An intriguing finding is the persistence of improved survival for removal of more than 11 nodes among patients with grade 3 cancers, when those with proven nodal metastasis were excluded from the analysis. The authors hypothesize that the removal of occult (micro)metastatic disease that remains undiagnosed by the pathologist accounts for this therapeutic benefit. This raises the question as to whether the sentinel node concept would be the ideal solution to the problem of weighing the potential benefit of extensive lymphadenectomy limited to some patients, against the added toxicities to which all patients are exposed. In breast cancer, it has been shown that removal and meticulous analysis of sentinel nodes with serial sectioning and immunohistochemistry more adequately identifies occult nodal involvement, while sparing the majority of patients without nodal metastases the risks of more extensive procedures. First results from sentinel node studies in endometrial carcinoma17-19 have shown that the combined use of radiocolloid labeling and patent blue results in an sentinel node detection rate of 82% to 94%, with identification of two to three sentinel nodes per patient, which are located in the obturator, external iliac, and/or para-aortic regions. In the study by Barranger et al,18 macrometastases were identified in three sentinel nodes from two patients, while immunohistochemical analysis identified six micrometastatic sentinel nodes and one sentinel node containing isolated tumor cells in three other patients. No false-negative sentinel nodes were observed. Additional larger studies are needed to further explore this concept and develop reliable sentinel node detection procedures, which might greatly benefit the management of patients with endometrial cancer by adequately detecting microscopic spread, while sparing most patients an unnecessary and potentially harmful lymphadenectomy. Patients with proven nodal involvement can then be enrolled on studies of radiation therapy with concomitant chemotherapy to further improve their outcome.

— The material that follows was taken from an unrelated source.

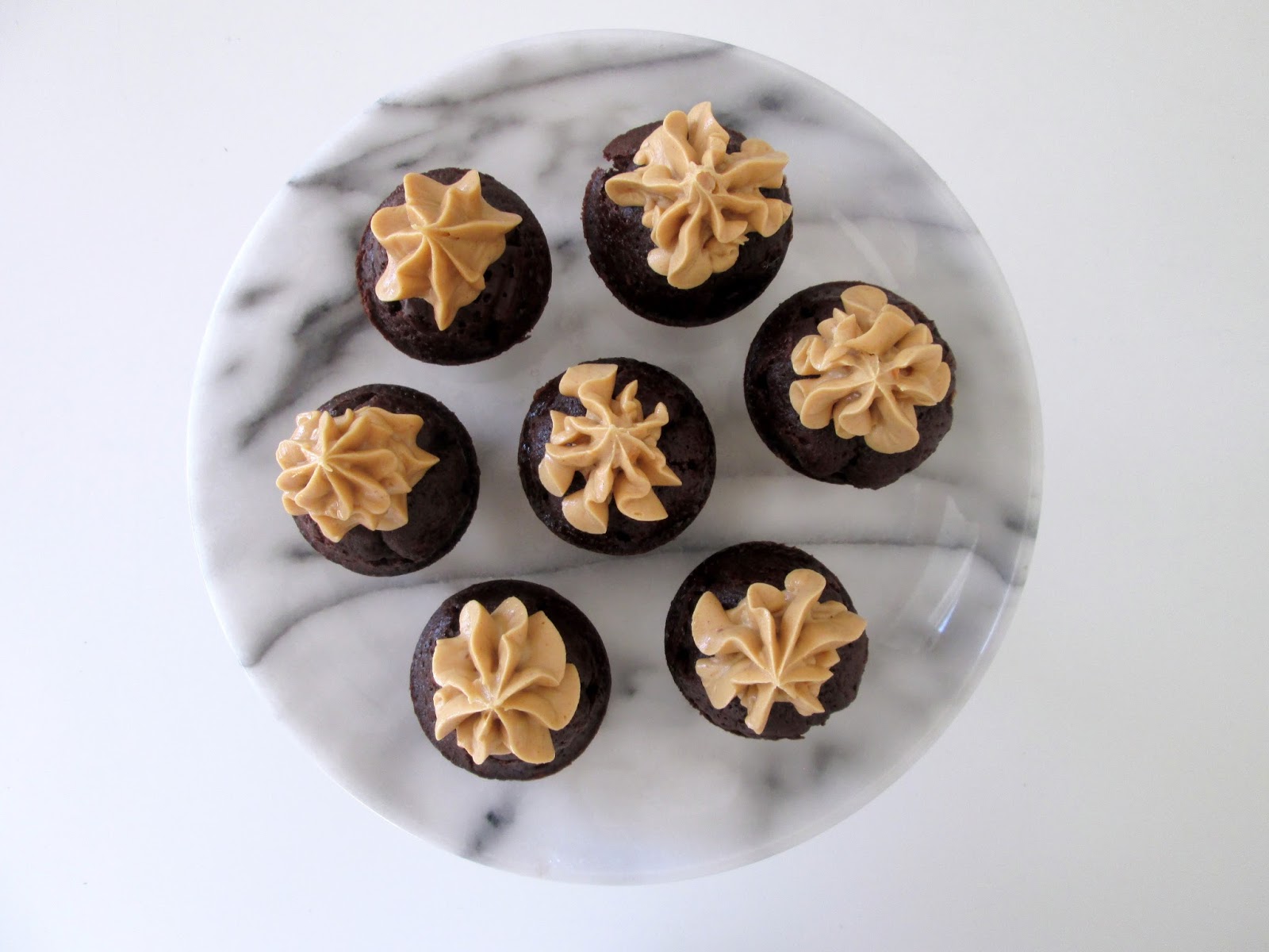 2) Put peanutbutterfrostingen i en sprøjtepose med stor tyl og sprøjt en lille top ud på hver minimuffin

The first multicenter randomized trial to determine the value of standard lymphadenectomy for stage 1 and 2 endometrial carcinoma, the UK Medical Research Council-ASTEC study, is nearing accrual completion and will hopefully provide definitive, unbiased information as to the role of lymphadenectomy in intermediate- to high-risk endometrial cancer. In the light of the current findings, its analysis should include clear data on the completeness of lymphadenectomy and the number of nodes removed.
Author's Disclosures of Potential Conflicts of Interest
The author indicated no potential conflicts of interest.